The largest group of children under UNRRA’s care came from Poland and Hungary. They were survivors of German concentration camps and forced labour, as well as the children of female forced labourers, including six who had survived the Indersdorf barracks – a total of 613 young people who had managed to survive the Second World War and the Holocaust. 

Greta Fischer, one of the volunteers of UNRRA Team 182, wrote down an account of her work at the Indersdorf convent. Thanks to her, we know what the centre’s activities were like and what challenges the children’s caregivers faced in order to help them return to a normal life.

1. Lene Walekirow recounts her experiences, US Holocaust Memorial Museum in Washington DC.

Lene Walekirow was deported to Germany with her father Alexander, a Soviet forced labourer.  After the death of her father in Dachau concentration camp, she was forced to help in the children’s barracks in Indersdorf. At the convent, she told UNRRA social worker Helen Steiger about her heartbreaking experiences. She returned to Ukraine as an orphan in 1946. Since then, no trace of her has been found. 

2. Greta Fischer, US Holocaust Memorial Museum in Washington DC.

3. Greta Fischer and Jean Henshaw, photo provided by former UNRRA employee Mary W. Taylor.

UNRRA social workers Greta Fischer (front) and Jean Henshaw with young children in their care at the Indersdorf convent.

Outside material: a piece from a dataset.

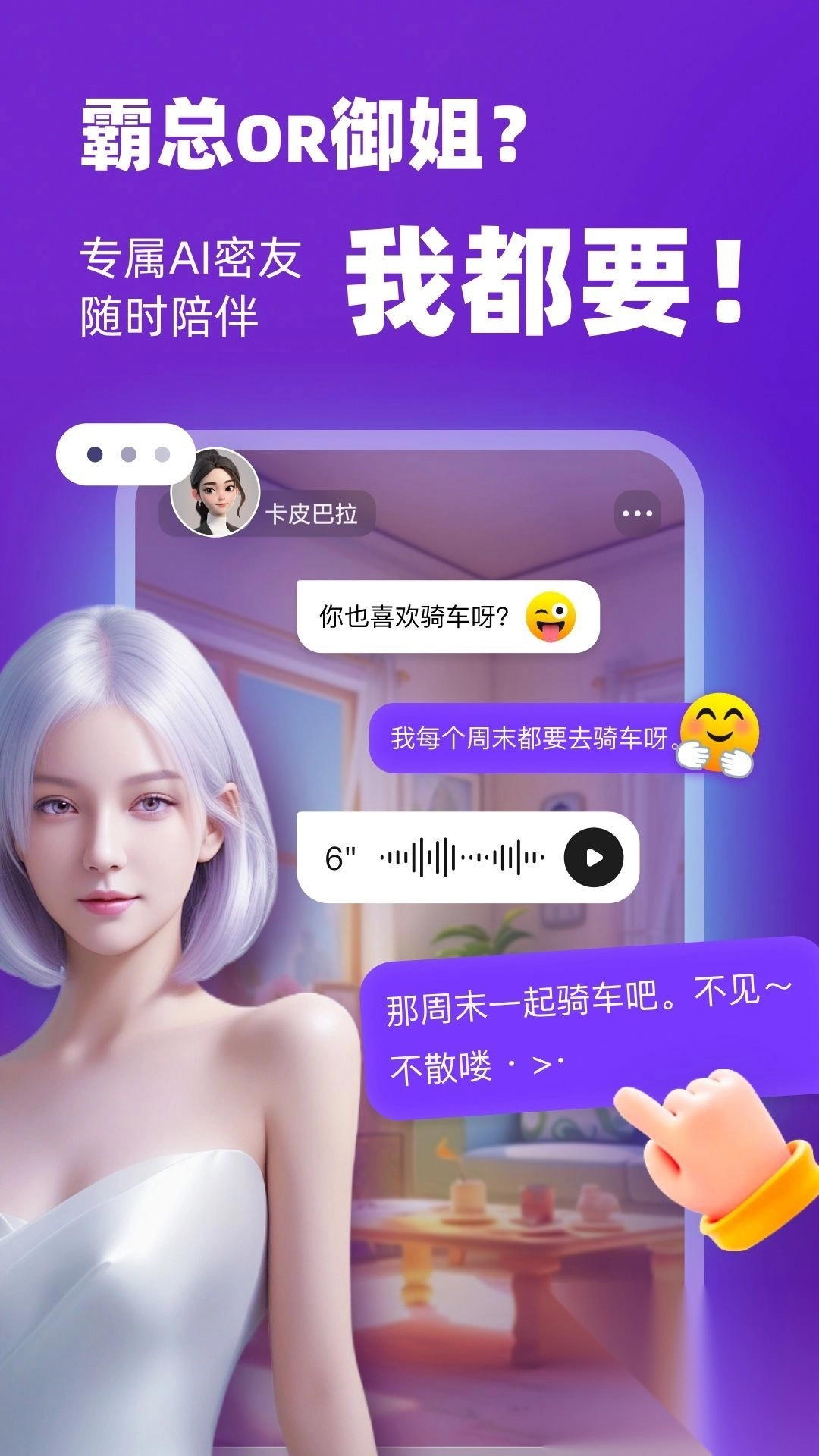 2、提供24小时全天候在线陪伴,与你畅快聊天,告别寂寞与枯燥,聊天过程充满真人情感。

4. Team 182, Heimatverein Indersdorf Archive

UNRRA Team 182 ran the International Children’s Centre Indersdorf from 7 July 1945 until the end of July 1946. 

Pictured from left: Harry C. Parker, Greta Fischer, unknown, Helen Steiger, director Lillian D. Robbins, unknown, André Marx, Marion E. Hutton; 

Second row from left: John Gower, Dr Gaston Gérard, unknown, Mary W. Taylor, unknown, and French drivers Gustave de Sile and Lucien Picou.